Some 35,000 small businesses nationwide submitted applications for consideration for a $250,000 grant from Chase and a trip to Google headquarters. Businesses that received 250 votes or more moved to the judging phase; 12 judges then selected the final 12 businesses. More than 1.7 million people voted for their favorite business and here are the winners:
- Curious Jane of Brooklyn offers after-school and summer camp science, engineering, and design programs for girls. Owner Samantha Razook Murphy suggests, “Be resourceful and don’t give up on your idea.” She adds, “We’re running very basic programs in six other states. The grant will help our camp directors to develop those programs more fully.”
- Overnight Success of Miami, creates jobs for Miami’s African American community. Understand the tax system, says owner, Samuel Lee Gilmore, Jr., “If you lose track, it’s a rude awakening.” He plans on buying equipment to better compete for contracts.
- The Robot Garage, Birmingham, offers children a place to learn and create with Legos and robotics. Co-founder Jonathan Jacobs says, “I thought I’d be building robots all day, but … I spend a lot of my day running the business.” Jacobs will update the website, open a second location, and “set up a mobile unit.”
- ABL Denim, Los Angeles, California creates jeans for people with disabilities. Stephanie Alves says, “Know every part of your business. That way, when you delegate, you can find the right people,” The grant will enable Alves to hire the right people.
- Detroit caterer, Edibles Rex, is owned by Tammy Tedesco who says, “It took me a long time to understand the importance of networking and getting connected…. The connections are what get you to the next level. It’s what got me to this grant.” The grant will enable renovations and kitchen expansion.
- California’s, Chemo Beanies, created by Angelle Albright during her treatment, provides headwear for people undergoing treatment. “Having enough money to make enough product to meet the need,” says Albright, is her key challenge. Her grant will enable her “to be able to reach women everywhere.”
- Buzzy4shots.com, of Atlanta, provides pediatric pain products. Owner, Dr. Amy Baxter suggests, “Don’t be secretive with your ideas…. Put your product on Craigslist, on eBay. See if the interest is there from people other than your close family and friends.” Her grant will go toward her marketing plan.

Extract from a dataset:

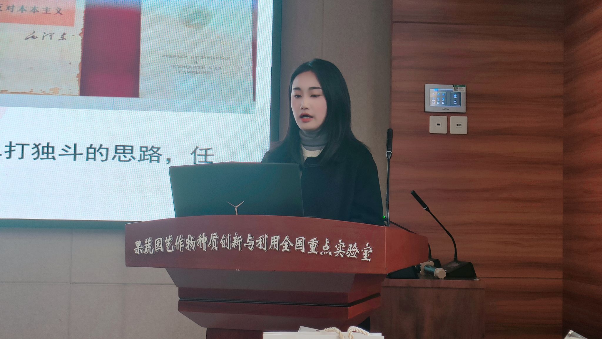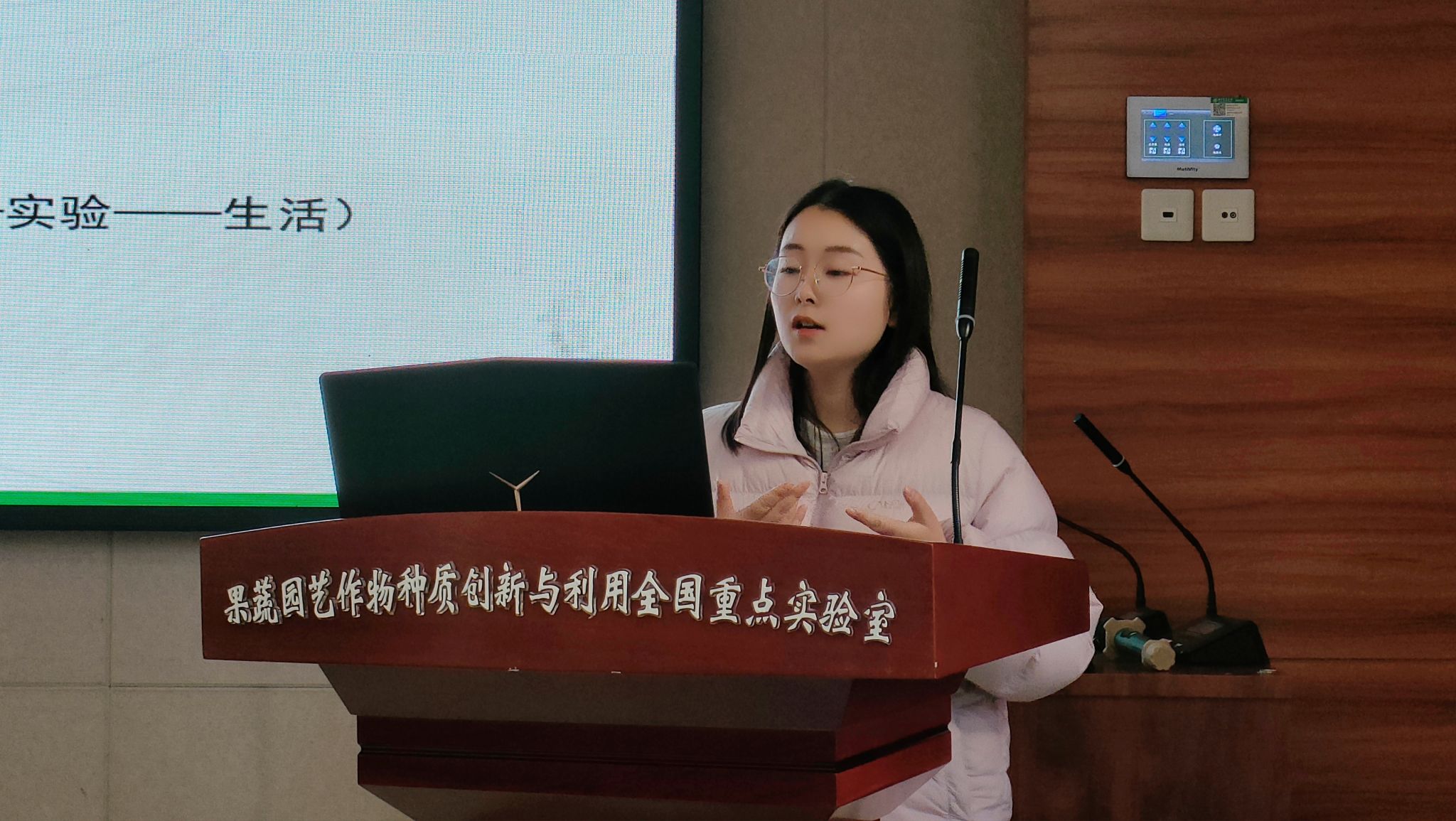 马渝婷则聚焦于甜柿分子育种研究,在分享会中介绍了自己在科研方面取得的丰硕成果,包括发表JCR一区论文、获得多项国家发明专利及软件著作开发。她深入讲解了日本甜柿与中国甜柿基因型的差异,以及通过分子标记技术进行遗传育种的研究过程,如CPCNA连锁分子标记的开发与应用,为果树育种研究提供了新的思路与方法。同时,她还分享了自己在思想政治、班级管理和志愿服务中的经历与感悟。作为一名中共党员和班长,她积极参与爱国主义活动,组织班级活动,热心志愿服务,以实际行动诠释了责任与担当,展现了一名优秀研究生的全面素养。

- Milagros de Mexico’s five San Francisco area shops sell health and wellness products. “Access to capital is always difficult,” says CEO Mauricio Simbeck, who suggests, “Once you find a passion, just go for it…. you won’t give up if you’re passionate about.” The grant money will go toward location expansion.
- Rolling in Dough Pizza, New York, was founded by Matthew Michel who said “Getting funding” was his biggest hurdle.” His advice? “Offer the highest-quality product from the start.”
- Shaktea Kombucha of Iowa, makes a fermented tea and soda beverage. “It’s been a challenge to meet the demand,” says co-owner Meghan Dowd, who suggests, “Start small and test the waters.”
- Living Design Studios of Colorado creates commercial and residential custom metalwork. Owner Jessica Adams says her biggest challenge is competing with “really large national companies for large commercial projects.” Her advice: “If you love it, go for it.”
- Axelo, of Texas, uses 3-D motion-sensing technology in sports and senior injury prevention. CEO Pierre A. Touma’s biggest challenge was, “The weak state of the economy.”
CNN; America’s Favorite Businesses; January 21, 2014.